Explain-then-Process: Using Grammar Prompting to Enhance Grammatical Acceptability Judgments
This paper introduces an innovative approach termed "grammar prompting" to enhance the grammatical acceptability judgments of LLMs. LLMs, despite their proficiency in generating coherent text, often exhibit limitations when explicitly reasoning about grammatical structures. The proposed grammar prompting method aims to bridge the gap between LLMs' implicit grammatical knowledge and their ability to apply grammatical rules through a strategic explain-then-process paradigm.
Methodology and Results
The core of this paradigm involves two main steps: firstly, eliciting a concise explanation of a syntactic phenomenon from an LLM; secondly, feeding this explanation back to the same or another model to guide its grammatical judgments. Experiments are conducted across several benchmarks—BLiMP (English), SLING (Chinese), and RuBLiMP (Russian)—to test the efficacy of grammar prompting.
On smaller LLMs (SLMs), grammar prompting alone reduces the accuracy gap with LLMs by 20%, while a combined approach with chain-of-thought (CoT) reasoning achieves a 56% reduction (from a gap of 13.0 percentage points to 5.8 pp), all at negligible computational cost. The results indicate that grammar prompting significantly improves models' ability to make structured grammatical judgments, especially in categories governed by categorical linguistic constraints (e.g., negative polarity items).
Implications
The findings have important implications for improving the linguistic reasoning capabilities of models, particularly in multilingual contexts where access to extensive linguistic resources is limited. By leveraging language-agnostic cues, low-cost SLMs can approach the performance of frontier LLMs, promoting more equitable access to advanced AI capabilities. Furthermore, this approach provides a scalable solution for enhancing LLMs' proficiency in under-resourced languages.

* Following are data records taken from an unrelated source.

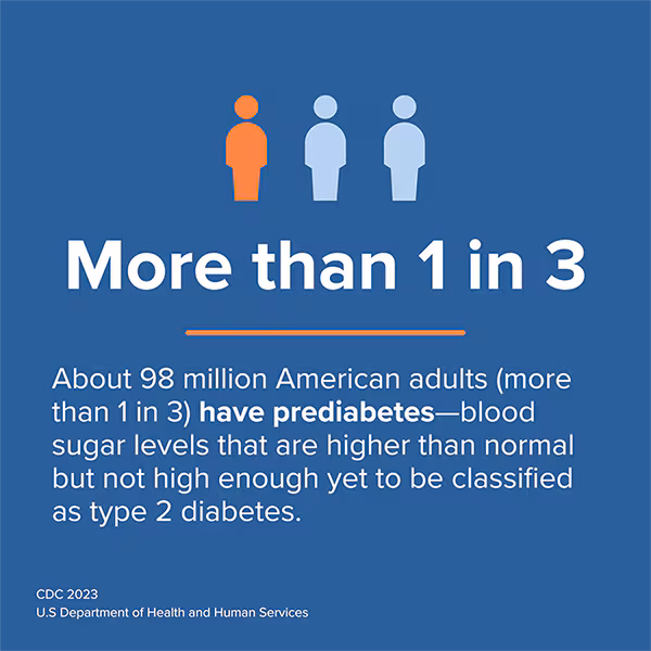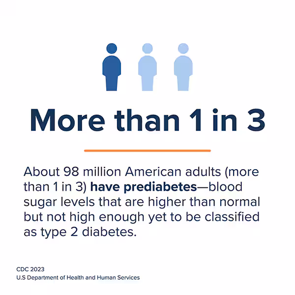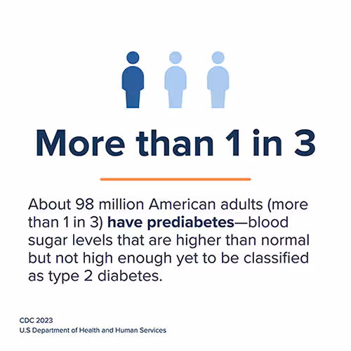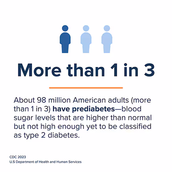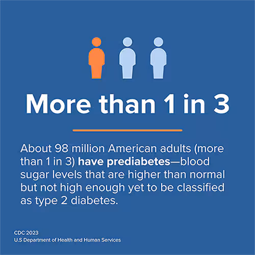 - Graphic text: About 98 million American adults (more than 1 in 3) have prediabetes—blood sugar levels that are higher than normal but not high enough yet to be classified as type 2 diabetes.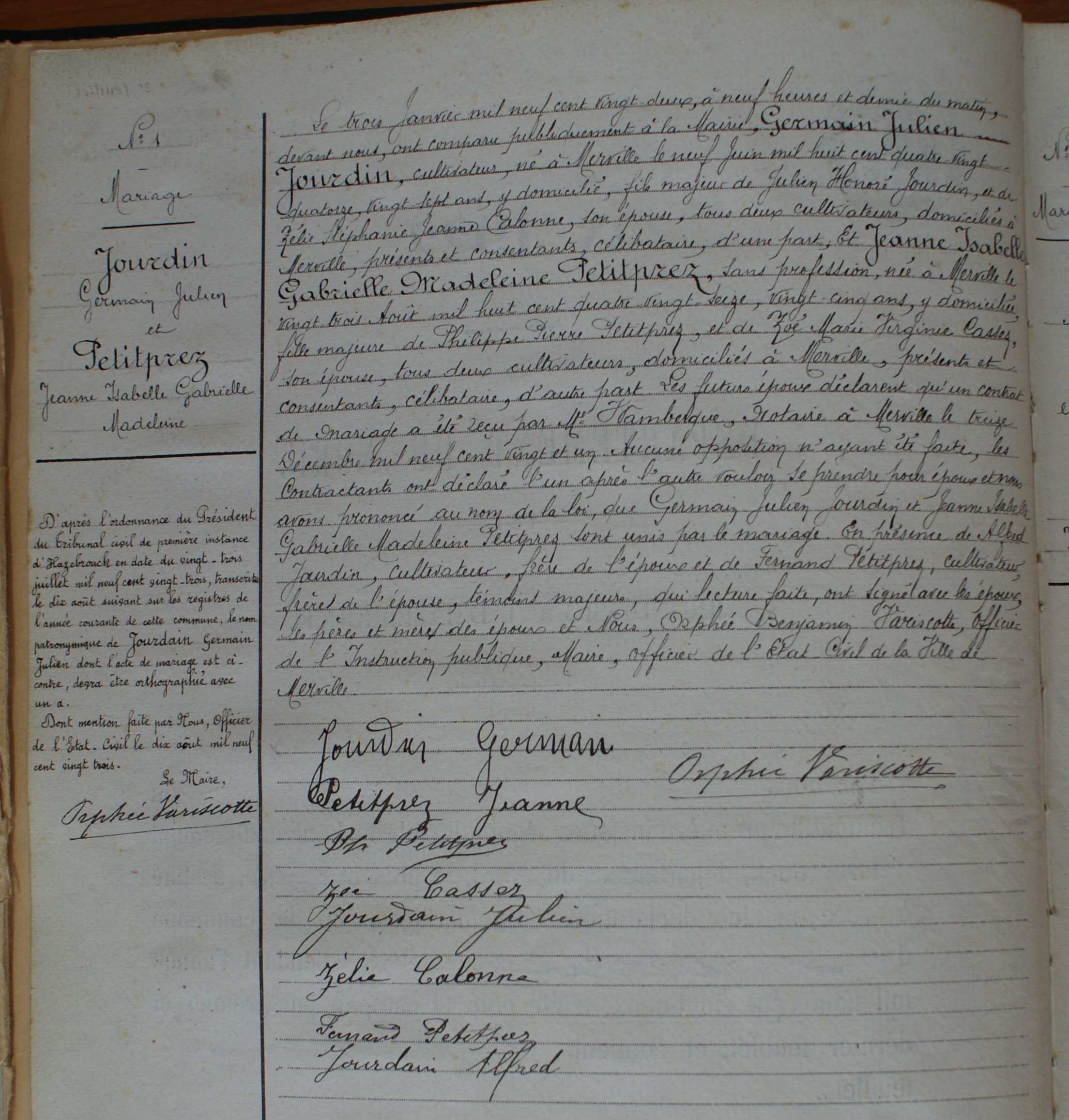 Acte de mariage de Germain Julien JOURDAIN + Jeanne Isabelle Gabrielle Madeleine PETITPREZ Age au mariage Lui : 27 ans et 7 mois - Elle : 25 ans et 5 mois. ID Famille F000767 Feuille familiale | Tableau familial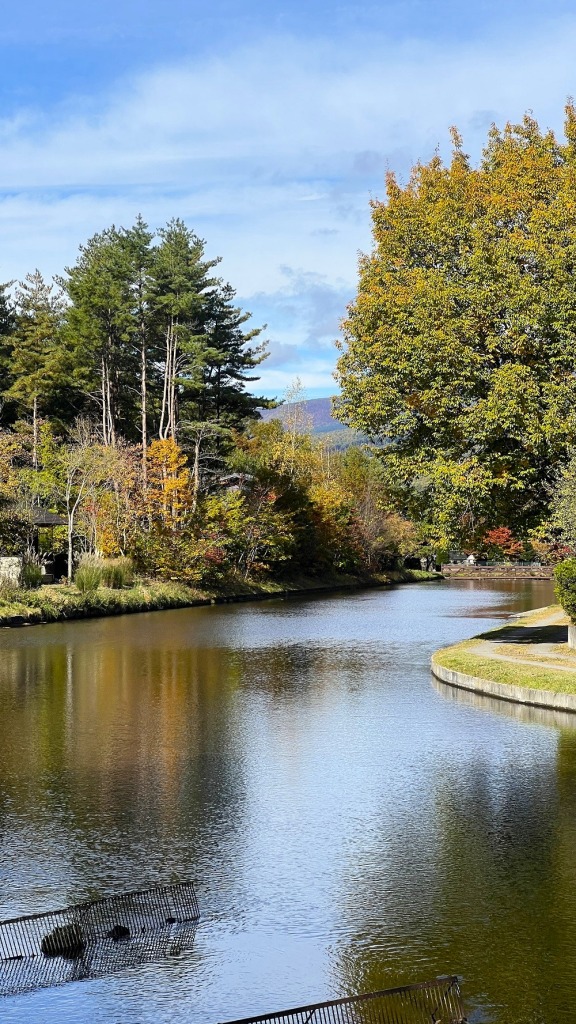 11月に入り、御代田町周辺は紅葉の最盛期を迎えています。自宅から歩いて約10分のところにある御影用水に来てみました。日中はポカポカ陽気で、のんびりお散歩を楽しむ方が沢山います。キラキラと流れるさざ波を眺めながら、凝り固まった足腰をグルグルと回し、上半身を大胆に動かして深呼吸してみました。オヂサンのユルイ休日感が一層深まる、健やかなヒトトキでした。

Challenges and Future Directions
While grammar prompting shows substantial gains, challenges persist in phenomena requiring finer constituent recognition or language-specific lexical knowledge. Models can occasionally misapply rules due to errors in constituent identification or reasoning chains. Future research may focus on improving models' parsing abilities and exploring the integration of explicit grammatical rules with in-context learning examples to further augment parsing accuracy.
Conclusion
This paper presents grammar prompting as a promising approach to augmenting LLMs' linguistic reasoning from implicit knowledge to explicit rule application. This framework not only enhances grammatical competency but also acts as a low-cost equalizer between model sizes, making sophisticated language processing capabilities more accessible in diverse and previously underserved linguistic domains.